9.4 Symmetry in two and three dimensions

Symmetry in Two Dimensions

Symmetry describes how a figure maps onto itself through reflections or rotations. Understanding symmetry connects directly to transformations you've already studied, since every symmetry is a transformation (a reflection or rotation) that leaves the figure unchanged.

Line and Rotational Symmetry

Line symmetry (also called reflectional symmetry) occurs when a figure can be divided into two congruent halves by a line called the line of symmetry. If you fold the figure along that line, the two halves coincide exactly. A figure can have zero, one, or many lines of symmetry.

Rotational symmetry occurs when a figure can be rotated about its center by some angle less than 360° and map onto itself. The smallest such angle is called the angle of rotation. To find it for a regular polygon, divide 360° by the number of sides:

$\text{angle of rotation} = \frac{360°}{n}$

where $n$ is the number of sides.

Symmetry Order in Figures

The order of rotational symmetry is the number of times a figure maps onto itself during a full 360° rotation (including the 360° rotation itself).

Here's a reference for the most common figures:

Notice the pattern: a regular $n$-gon always has exactly $n$ lines of symmetry and rotational symmetry of order $n$. A non-regular figure like a rectangle has fewer of both because its sides aren't all congruent.

Symmetry in Three Dimensions

Plane Symmetry in 3D

In three dimensions, the analog of a line of symmetry is a plane of symmetry.

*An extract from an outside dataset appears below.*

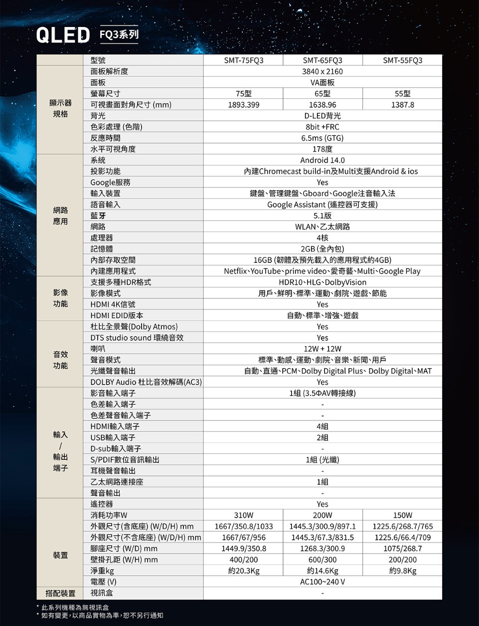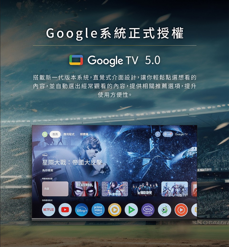 | 內建應用程式 | Netflix、YouTube、prime video、愛奇藝、Multi、Google Play | |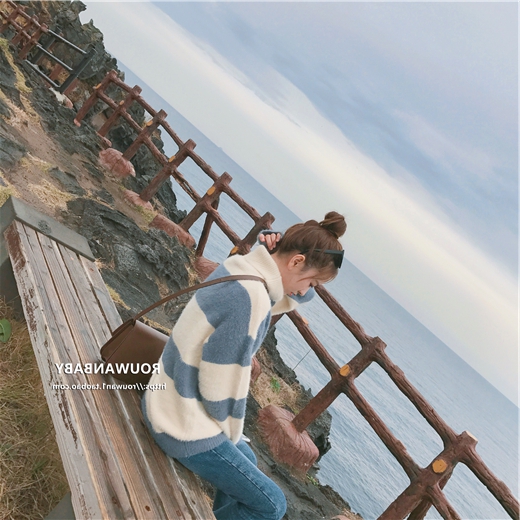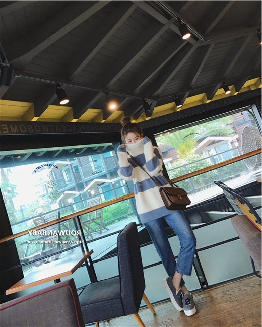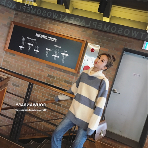 やや毛足の長いハイネックニット×太目のボーダーでガーリーカジュアルな着こなしに♪

A 3D figure has plane symmetry when a plane divides it into two halves that are mirror images of each other. Reflecting one half across that plane produces the other half exactly.

Think of it this way: a line of symmetry works in 2D because it's a 1D "cut" through a 2D figure. A plane of symmetry works in 3D because it's a 2D "cut" through a 3D figure. The idea is the same, just one dimension higher.

Types of 3D Symmetry

3D figures also have rotational symmetry about axes (not just a center point). An axis of symmetry is a line through the figure such that rotating the figure around that line by some angle less than 360° maps it onto itself.

Below are the symmetry properties of several common solids. For an Honors course, focus on the cube and tetrahedron; the others follow similar logic.

Cube (6 faces, 8 vertices, 12 edges)

• 13 axes of rotational symmetry:
  • 3 axes through centers of opposite faces (order 4, so 90° rotations)
  • 4 axes through opposite vertices, i.e., long diagonals (order 3, so 120° rotations)
  • 6 axes through midpoints of opposite edges (order 2, so 180° rotations)
• 9 planes of symmetry:
  • 3 planes each parallel to a pair of opposite faces (cutting through the midpoints of four edges)
  • 6 planes each passing through two opposite edges diagonally

Regular Tetrahedron (4 faces, 4 vertices, 6 edges)

• 7 axes of rotational symmetry:
  • 4 axes from a vertex to the center of the opposite face (order 3, so 120° rotations)
  • 3 axes through midpoints of opposite edges (order 2, so 180° rotations)
• 6 planes of symmetry, each passing through one edge and the midpoint of the opposite edge

Sphere

• Infinite planes of symmetry (any plane through the center)
• Infinite axes of rotational symmetry of infinite order (any line through the center)

The sphere is the 3D equivalent of the circle: maximum possible symmetry.